#### MATERIALS PROVIDED

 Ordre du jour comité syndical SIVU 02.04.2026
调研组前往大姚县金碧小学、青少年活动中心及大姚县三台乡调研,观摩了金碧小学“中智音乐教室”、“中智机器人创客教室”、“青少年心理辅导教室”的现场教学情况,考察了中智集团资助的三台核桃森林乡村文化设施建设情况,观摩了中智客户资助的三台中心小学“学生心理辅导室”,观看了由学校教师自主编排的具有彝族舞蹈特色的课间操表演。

########
#### MATERIALS PROVIDED

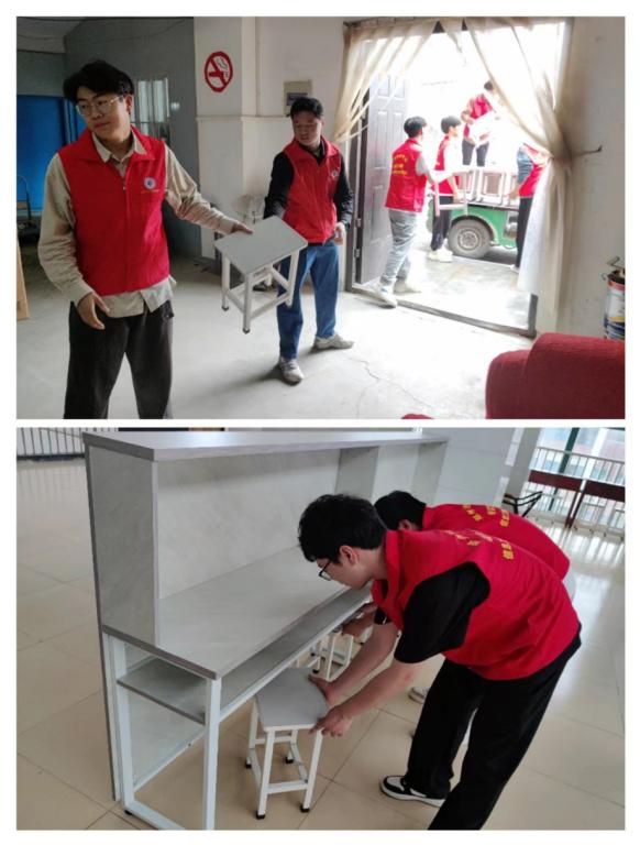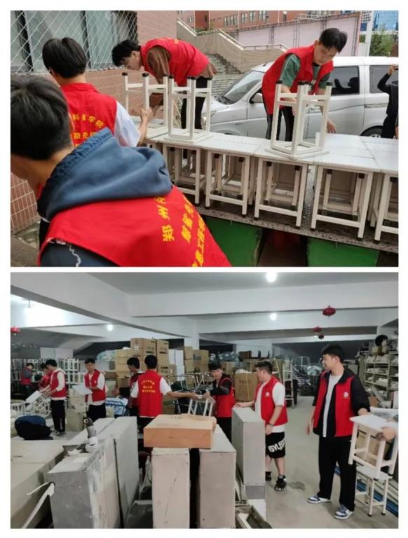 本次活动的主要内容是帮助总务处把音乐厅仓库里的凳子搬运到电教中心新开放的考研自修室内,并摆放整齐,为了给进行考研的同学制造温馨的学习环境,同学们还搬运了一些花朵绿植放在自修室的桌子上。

########
#### MATERIALS PROVIDED

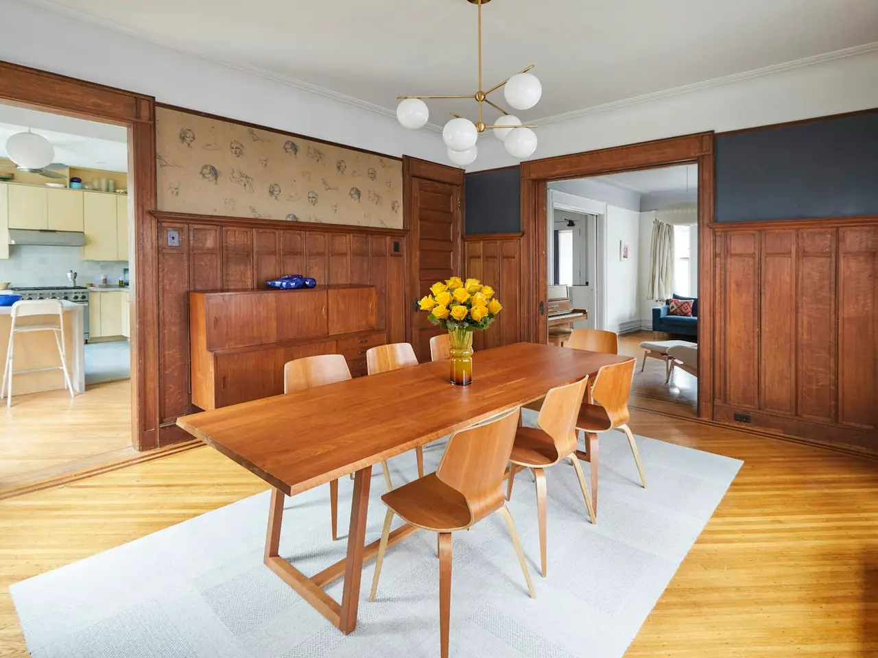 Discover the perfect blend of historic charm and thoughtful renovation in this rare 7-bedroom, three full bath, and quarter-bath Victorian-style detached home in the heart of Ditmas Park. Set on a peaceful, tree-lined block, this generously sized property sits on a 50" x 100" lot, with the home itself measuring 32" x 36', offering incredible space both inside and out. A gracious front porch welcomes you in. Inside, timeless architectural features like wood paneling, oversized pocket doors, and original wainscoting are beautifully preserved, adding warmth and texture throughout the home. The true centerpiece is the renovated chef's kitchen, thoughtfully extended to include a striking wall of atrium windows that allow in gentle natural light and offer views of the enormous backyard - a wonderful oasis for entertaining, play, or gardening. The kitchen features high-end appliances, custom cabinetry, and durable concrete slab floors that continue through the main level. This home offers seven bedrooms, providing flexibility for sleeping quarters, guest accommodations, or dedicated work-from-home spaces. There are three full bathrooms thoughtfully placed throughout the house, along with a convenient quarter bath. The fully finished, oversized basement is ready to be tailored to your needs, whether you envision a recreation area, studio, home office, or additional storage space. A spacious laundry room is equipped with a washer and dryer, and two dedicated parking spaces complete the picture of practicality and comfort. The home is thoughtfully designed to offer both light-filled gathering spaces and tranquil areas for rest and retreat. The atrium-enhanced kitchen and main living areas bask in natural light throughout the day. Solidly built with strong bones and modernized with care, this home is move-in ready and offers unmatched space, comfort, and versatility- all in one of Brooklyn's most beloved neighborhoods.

########

**WHAT NEEDS TO BE DONE:**
Print only what lies in the material above starting at the line with "Ordre du jour" and ending at the line with "调研组前往大姚县金碧小学、青", every line exactly as given.

**RESPONSE TO THE TASK:**
 Ordre du jour comité syndical SIVU 02.04.2026
调研组前往大姚县金碧小学、青少年活动中心及大姚县三台乡调研,观摩了金碧小学“中智音乐教室”、“中智机器人创客教室”、“青少年心理辅导教室”的现场教学情况,考察了中智集团资助的三台核桃森林乡村文化设施建设情况,观摩了中智客户资助的三台中心小学“学生心理辅导室”,观看了由学校教师自主编排的具有彝族舞蹈特色的课间操表演。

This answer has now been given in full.